Ciò che noi scegliamo di amare rivela la nostra natura, in quell’inclinazione risiede il nostro segreto più vitale; questa forza, soggetta ai mutamenti storici, in eterno divenire, ha questo di costante: la scelta. Perché tra le mille fascinazioni noi diamo seguito solo ad una di esse, focalizzandoci su un’unica persona, che sintetizza qualcosa che in noi profondamente cerca la sua verità. Ma la …scelta è pericolosa, la realtà ambigua, la felicità amorosa forse un’utopia, e non è l’istinto che ci guida – esso, infatti, va in più direzioni – piuttosto la fantasia, che è la principale componente per un idillio amoroso. Il sottosuolo dell’anima ci sfugge, nessuno conosce pienamente se stesso, la volontà cosciente ha solo un compito correttivo, e forse, per questo noi siamo trascinati verso amori infelici; ma non è l’istinto la bussola infallibile, piuttosto un intuito segreto, che spesso nella persona amata individua ciò che in noi è inespresso. Ci si innamora non tanto della bellezza di un viso o di un corpo, ma di ciò che esso significa, di ciò che rappresenta a livello fisiognomico, l’eredità platonica in questo senso è superata. L’amore implica un’intima adesione a un certo tipo di vita umana che ci sembra il migliore e che troviamo già formato, incarnato in un altro essere. Quel tanto di innato che c’è in noi, è più importante delle modificazioni dell’ambiente, il carattere è ciò che ci guida, spesso andando aldilà della nostra volontà cosciente, ma il carattere stesso è qualcosa di transitorio, che si modifica anche sensibilmente nel corso degli anni.

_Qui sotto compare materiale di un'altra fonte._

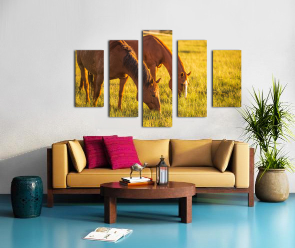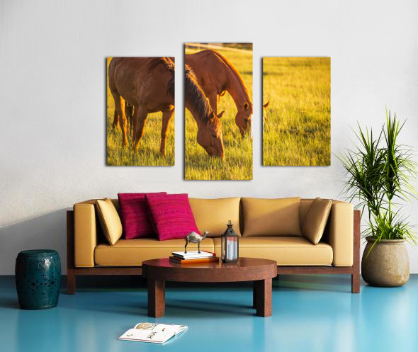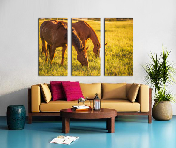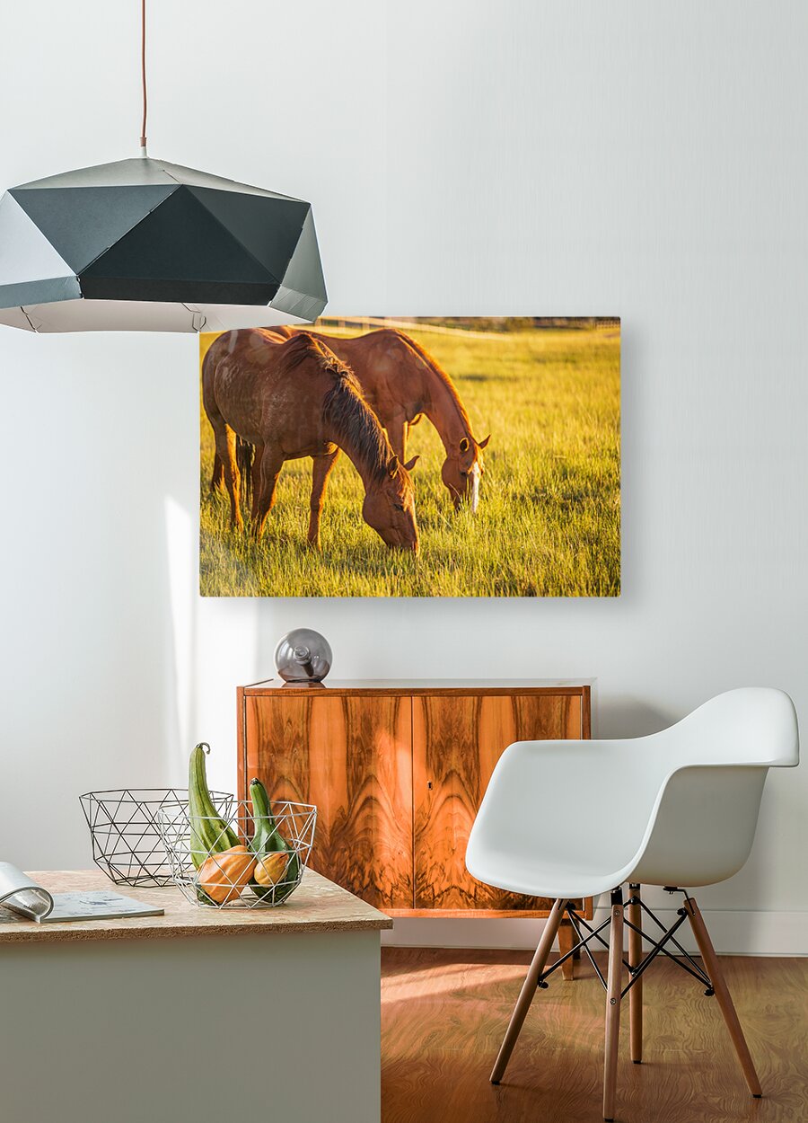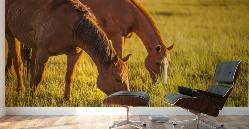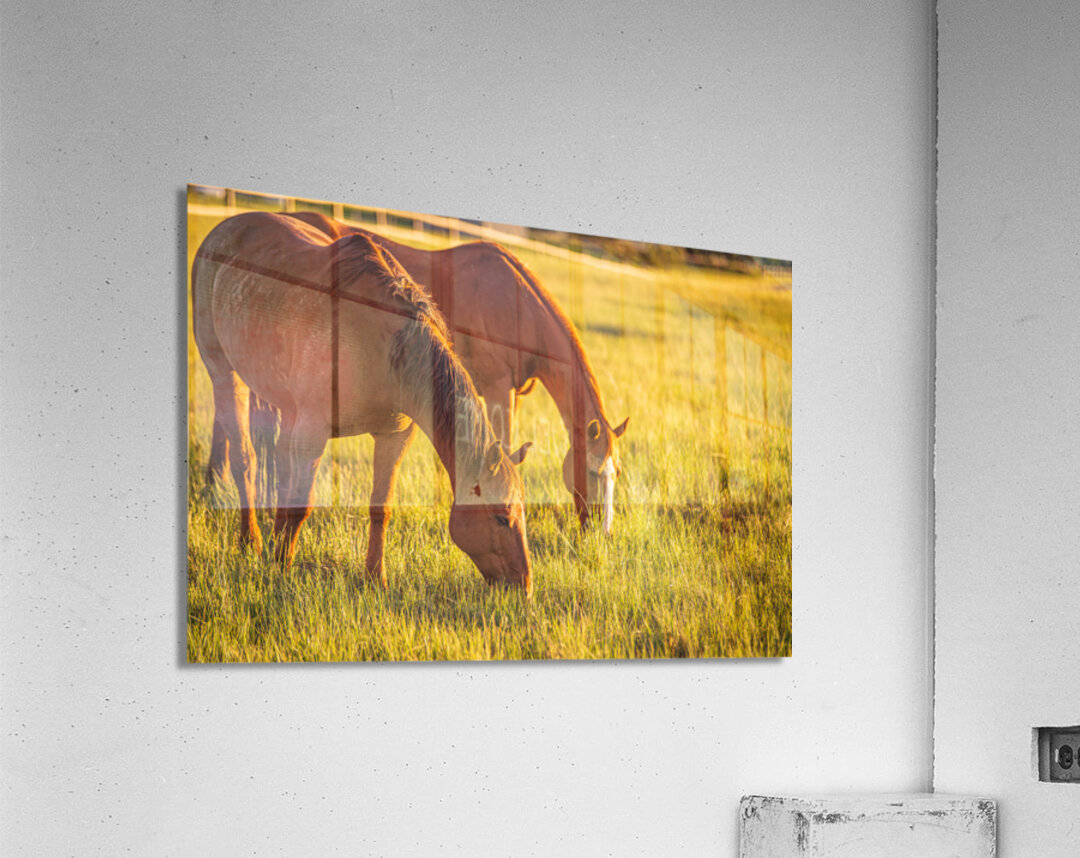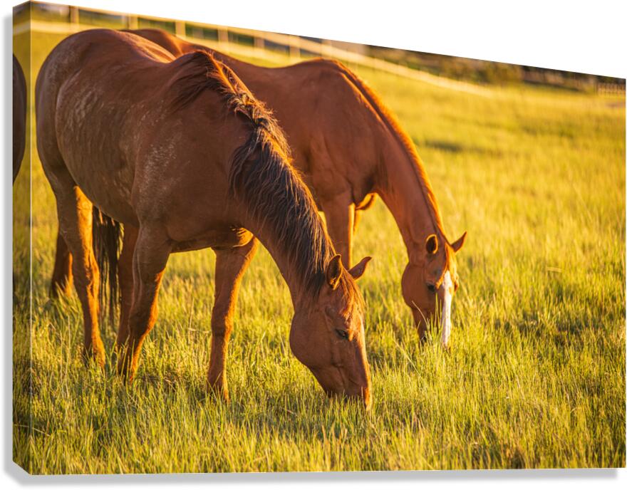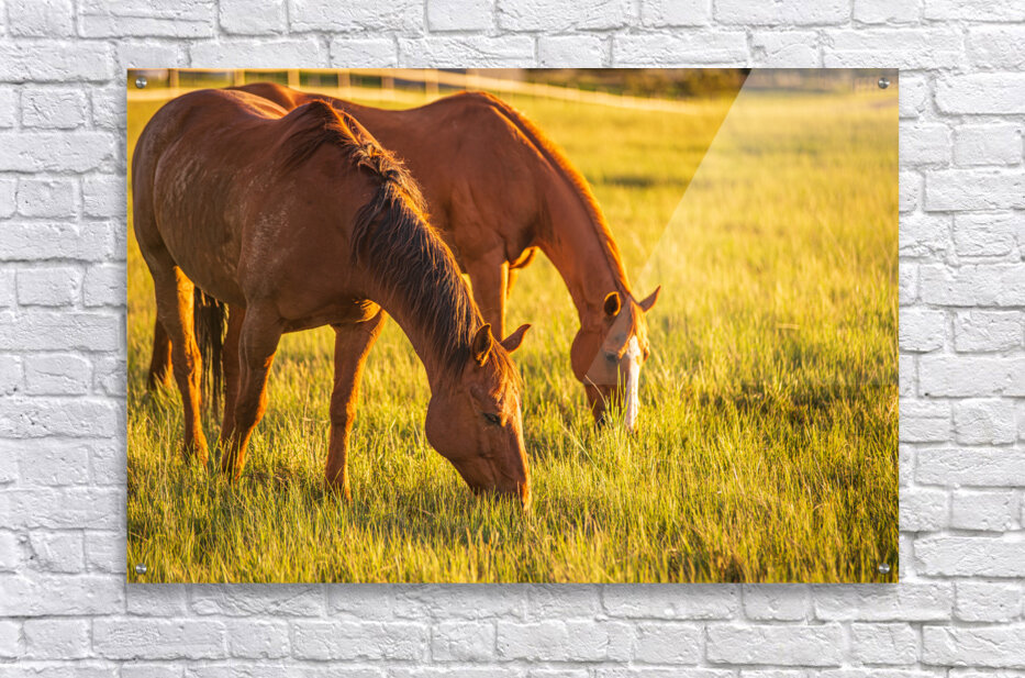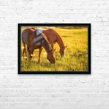 Enter into a realm of serene beauty and tranquility depicted in this captivating artwork, where two magnificent horses peacefully graze amidst lush green fields. Bathed in the soft golden glow of the sun, the scene exudes a sense of harmony and peace. With their tranquil demeanor and graceful posture, the horses emanate a quiet strength that enchants any observer. Set against the backdrop of a gently blurred fence that blends into the surroundings, the horses seem to inhabit a timeless and ethereal world. Through this mesmerizing piece, the artist skillfully captures the raw essence of nature, highlighting the majestic presence of these magnificent animals. The juxtaposition of the vibrant green grass against the warm golden sunlight creates a stunning visual spectacle that evokes both tranquility and wonder. The meticulous attention to detail in depicting the horses' anatomy and musculature reflects the artist's dedication and talent. Allow yourself to be transported to this enchanting place and experience the beauty and serenity emanating from this exquisite artwork. Immerse yourself in the tranquil atmosphere of the scene and let its peaceful vibes envelop you. With its captivating charm, this stunning piece is sure to bring a sense of calm and joy to any space it adorns.

Se l’uomo non possedesse un’immaginazione così generosa, non riuscirebbe ad amare sessualmente, come invece fa, ogni volta che se ne presenta l’occasione. Ed ecco che l’immaginazione è alla base delle nostre pulsioni, l’istinto solo una cosa in balia delle nostre fantasie, la lussuria stessa, affidata al nostro magnifico potere di immaginazione, non è dunque un istinto ma una vera e propria “creazione”. Amore è dunque una forza che si serve del desiderio, ma non è ad esso assoggettato, come molti credono.
L’amore è una creazione, e come in tutte le creazioni la fantasia ha il suo ruolo principale, a scapito dell’istinto, il cui apporto è minimo, se confrontato con quello dell’immaginazione.